Yesterday I decided to teach Saber to "speak" on command (just one woof). It took all of 2 minutes! She is 8 months old.

I asked her to sit. I got out the clicker and some kibble. 
I said "what's that?" all excited like. This is what we say when someone is coming up the walk to the door, and she usually starts barking and runs to the window to see. But this time when I said "what's that?" I clicked as soon as she gave one bark. She then did not run to the window or keep barking because she was focused on "hey, I am getting a treat!" I did this twice. Then I switched to having her sit, saying "speak!" in the same tone as I said "what's that" and waiting. Guess what, she barked! Click and treat. And just like that, she got it. Now all I have to do is say "speak" and she offers one bark, sitting nicely and waiting for her treat


----------



## ponyfarm (Apr 11, 2010)

Thats great! "Speak" is easy...now try "quiet". Much more difficult.


----------



## AddieGirl (May 10, 2011)

I'm going to try this with Addie.. She doesn't know "speak" yet.

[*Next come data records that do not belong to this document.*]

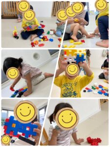 レゴ、ソフトブロック、お花ブロック…色々な種類のブロックを使い楽しんでいます。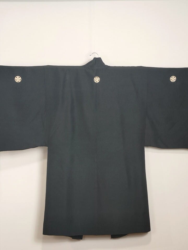 Black vintage Haori made of natural silk with the family emblem “kamon” on the back.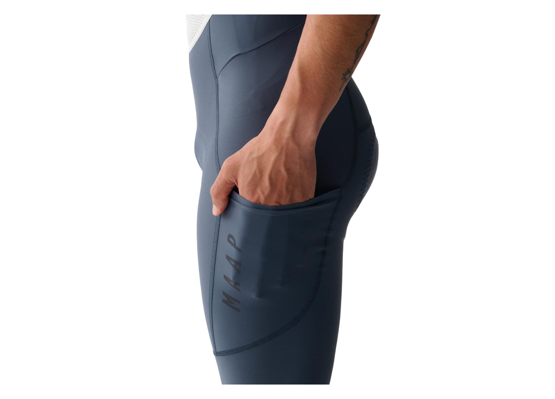 Performance, aesthetics, and high functionality come together in the all-new Team Bib Evo Cargo Tights. Lightweight materials combined with seamlessly integrated cargo pockets provide additional storage and easy access, leaving you free to ride in your jersey or T-shirt. Designed for all-day wear, featuring advanced MAAP suede technology and an ergonomic, masculine fit.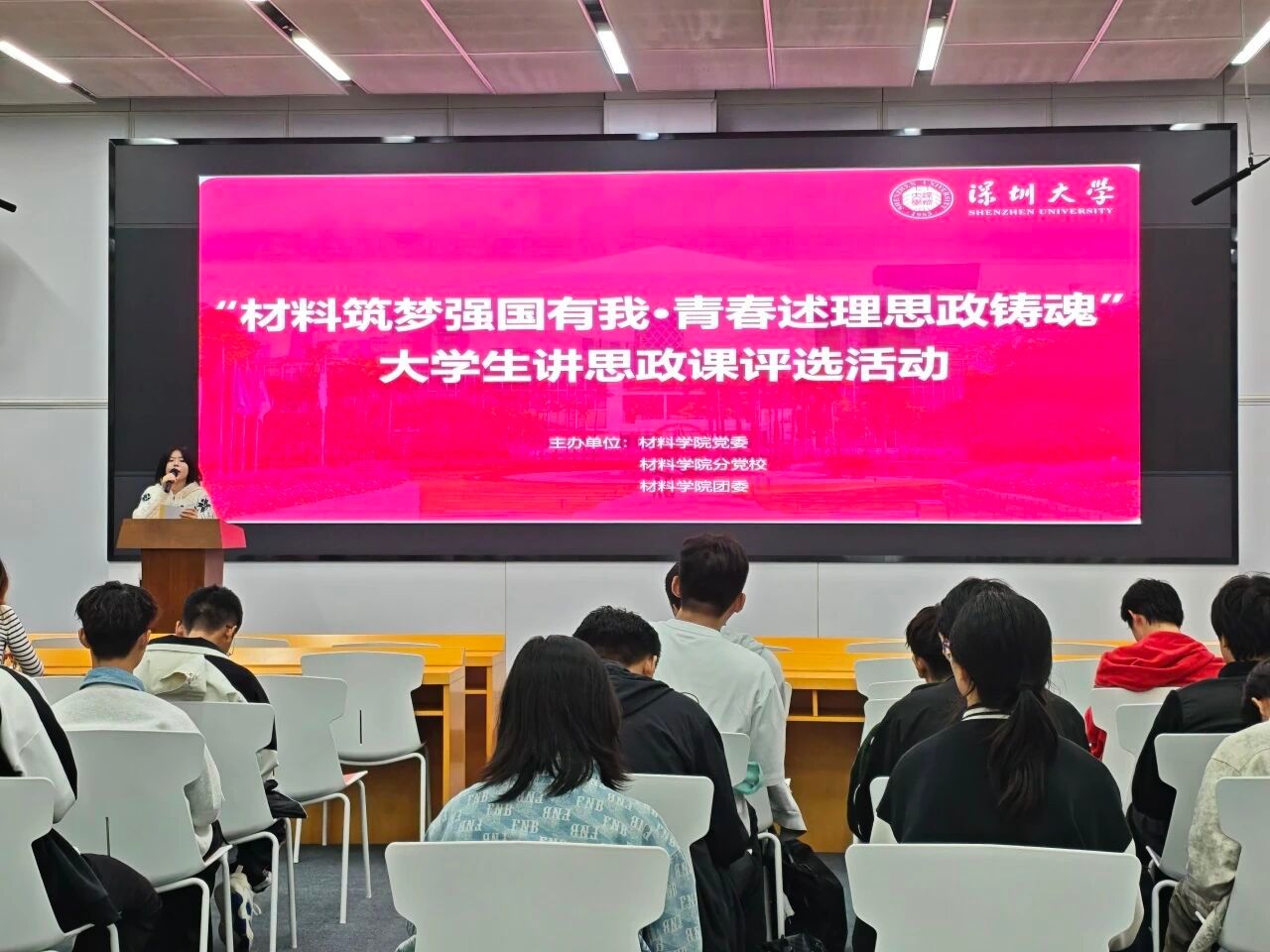 丽湖校区文韬楼236映雪厅举办“材料筑梦强国有我・青春述理思政铸魂”大学生讲思政课展示活动。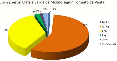 En cuanto a los formatos, los envases de medio kilo mantienen la preferencia de los consumidores. Los datos provenientes de las declaraciones juradas indican que durante el mes de Diciembre de 2014 los paquetes de medio kilo representan el 58% de las salidas de molinos al mercado interno. Con el 35% se ubicaron los paquetes de un kilo, con el 2% los envases de dos kilos, y con el 1% los de cuarto kilo. En el ítem otros formatos las salidas alcanzaron 1%, mientras que 2% correspondió al rubro sin estampillas.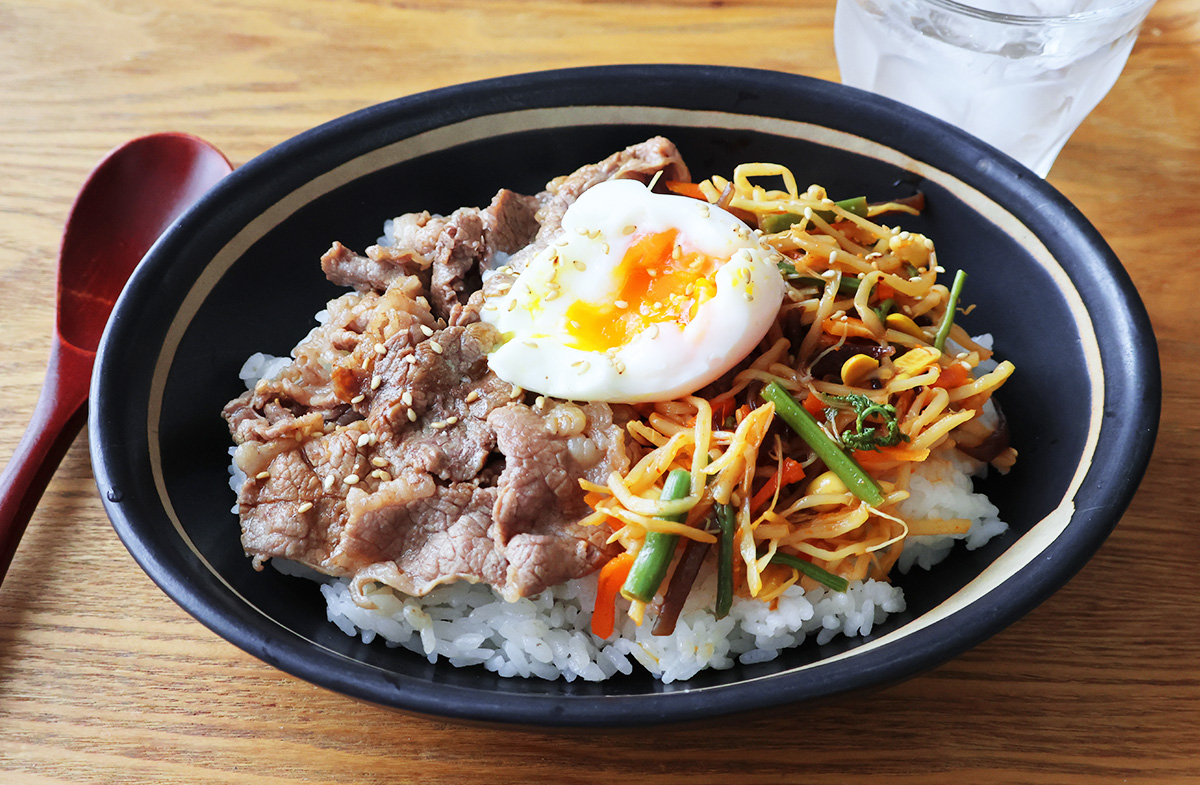 自社栽培の大豆もやしを使用した本格的で旨辛味のビビンバです。大豆もやし・人参・わらび・きくらげ・しいたけ入りです。

Sounds like you have a smart girl!!!


----------



## Cassidy's Mom (Mar 30, 2003)

Awesome - gotta get that on video!


----------



## cassadee7 (Nov 26, 2009)

ponyfarm said:


> Thats great! "Speak" is easy...now try "quiet". Much more difficult.


I actually taught "quiet" first, about 3 months ago!

I just waited for her to be barking at something outside, then as soon as she'd pause for 2 seconds, click and treat and say "good quiet!" After that I went to saying quiet right after she'd pause the barking, click and treat. I worked up to using "quiet" when she is really excited (visitors) and now she will sit and wait quietly for her treat for being nice


----------